# Isle Royale



## DFJISH (Mar 30, 2009)

Maverick1 said:


> Hey guys,
> 
> Planning a trip to Isle Royale to document Coaster Brookies with team of 4.


I'm a little puzzled by how you stated that. Are you a member of a research group (university, government, etc.) going to study coasters or does "document" simply mean you are going to fish for brook trout with 3 buddies?
I also wonder about the reply that all brook trout must be released at Isle Royale. I thought it was legal to keep one (minimum 20"). Brook trout in the Nipigon watershed have *numerous* gear restrictions and must be 22" minimum for the ONE that can be kept.


----------



## Maverick1 (Jan 28, 2009)

Thanks for the comments and questions guys. As to the purpose or scope of the trip, we have been working in conjunction with several state and federal teams to gather data about the current state of the Coaster Brook Trout population. While there our intended goal is to raise awareness about Coaster and the ongoing threats to their survival. While not currently protected as a separate species or strain, this population of lake dwelling Brookies is in trouble. Our hope is to catch, document, photograph and then share our results with the scientific community to add to their electroshocking and Fyke net surveys already in place. In addition, we like to highlight the angling possibilities to others. The more excited we can get people about Coasters the more resources will be dedicated to their preservation.


----------



## StiffNeckRob (Apr 19, 2007)

Have a great trip. I'll be up there Saturday until 9/10 thru hiking and fishing the island solo. I'm flying into Windigo and out of Rock Harbor. We won't cross paths so I wish you and your group the best in your fishing and research gathering.


----------



## Maverick1 (Jan 28, 2009)

Same to you. Tight lines and safe travels.


----------



## Maverick1 (Jan 28, 2009)

DFJISH - I stand corrected. You are absolutely right with regard to the 1 fish creel limit. Our exploration however will be strictly catch and release.


----------



## Redbad (Apr 30, 2008)

Probably to late for the OP as he is on ISRO right now, but my understanding of where the coasters are located at ISRO is on the SW part of the island. Tobin Harbor is on the NE part of ISRO.
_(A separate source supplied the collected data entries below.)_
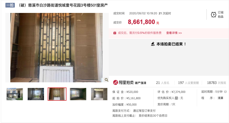 3号楼501室以起拍价5161800元,评估价7374000元,成交价8661800元竞拍成功,单价22674.86元/㎡。
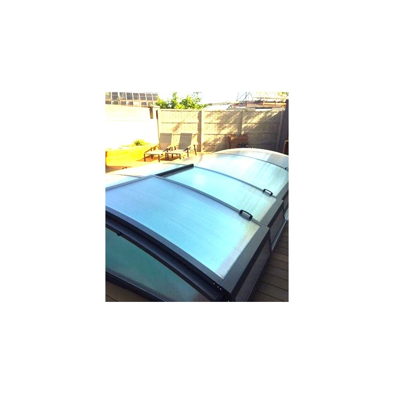 Você escolhe sua largura, de um mínimo de 3,50 m e até um máximo de 6 m, o Abrigo Imperial Médio-alto A piscina telescópica adapta-se à sua piscina de 4,3 a 17,02 metros de comprimento. E uma altura máxima de 1,55m.
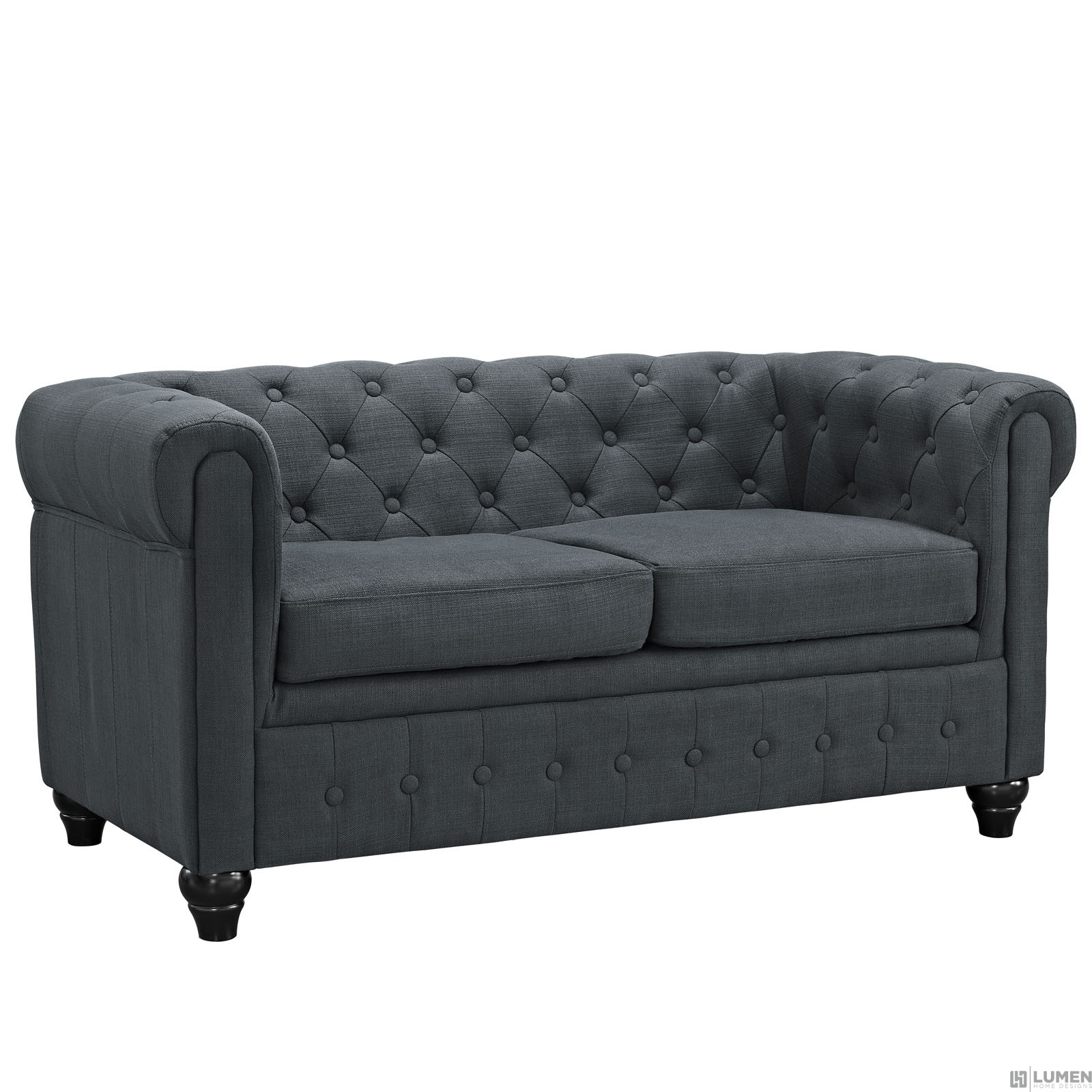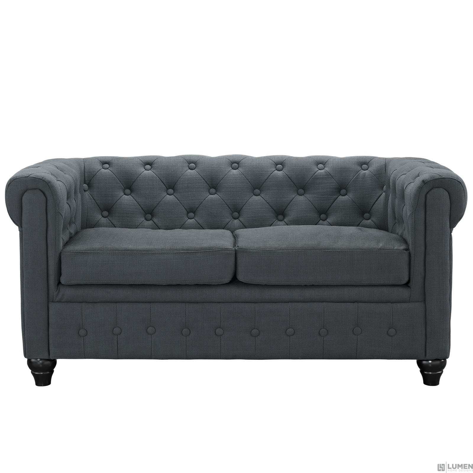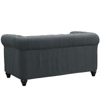 For Areas Seeking Cultured Elegance Tightly Tailored Rolled Arms Deep Tufting for Maximal Effect 100% Polyester Upholstery Solid Rubberwood Legs Non-Marketing Foot Caps

BTW: the NPS has some very strict regulations on Brook Trout in general and Coaster Brook Trout in particular. Read the Greenstone, the park newspaper for detailed information. They would rather folks focus on pike (which are very common and get to be quite large as the fishing pressure on ISRO is low) or salmon, which are the major offshore fish. Be prepared to use artificial lures with barbless hooks on inland waters.

If you have the opportunity to get to ISRO, jump at it. You will not be disappointed. ISRO also has the best $4/5 minute shower west of Copper Harbor...


----------



## mdad (Dec 4, 2007)

Maverick1 said:


> DFJISH - I stand corrected. You are absolutely right with regard to the 1 fish creel limit. Our exploration however will be strictly catch and release.


 
http://www.nps.gov/isro/planyourvisit/upload/Brook Trout.pdf

brook trout and coasters are strickly catch and release on Isle Royal. I do not understand how there could be the slightest doubt about this and why someone that is going to target them would not understand this?


----------



## DFJISH (Mar 30, 2009)

Recent efforts to have coasters listed as an endangered species were rejected. Apparently regs have been revised, updated, and changed to reflect the strong efforts to restore coasters wherever they exist. I just got off of the phone with the Fisheries Division district office at Marquette and the information in the 2012 DNR Fishing Regulations is brief but accurate for coasters at Isle Royale. None can be kept on the island _nor from Lake Superior waters withing 4 1/2 miles of the island._ Catch & release never has been a 100% "no kill" practice so the intention to go there and target coasters certainly violates the goal of preserving the population. 
Michigan isn't alone in it's efforts to restore coaster numbers. Tribal stockings of coasters in western Lake Superior by tribal hatcheries (Wisconsin) has been ongoing for many years, and Canada has become extremely restrictive on the use of gear and size/possession limits for coasters. Hopefully all of these efforts will lead to a restoration of coaster numbers throughout the region so that we will once again be able to have coaster populations that are sustainable with a selective harvest.


----------



## Maverick1 (Jan 28, 2009)

Well, just back back from the trip. We caught and released 4 coasters total over our 4 day excursion. It was certainly a trip of a lifetime and hopefully raised some awareness about the plight of these fish. We'll be releasing the footage after we get through the hours of editing. Great to know a few of these rare gems still exist on the island.


----------



## troutguy26 (Apr 28, 2011)

How about a pic til the editing gets done? Id love to see it.


----------



## Maverick1 (Jan 28, 2009)

Here you go. 1st Coaster of the trip.


----------



## troutguy26 (Apr 28, 2011)

Awesome! Thanks man. Looks good size to.


----------



## sjk984 (Jan 4, 2010)

Sweet. 

Outdoor Hub mobile, the outdoor information engine


----------



## Maverick1 (Jan 28, 2009)

Here's another pic from the trip.


----------



## troutguy26 (Apr 28, 2011)

Wow! I cant wait to see your video.


----------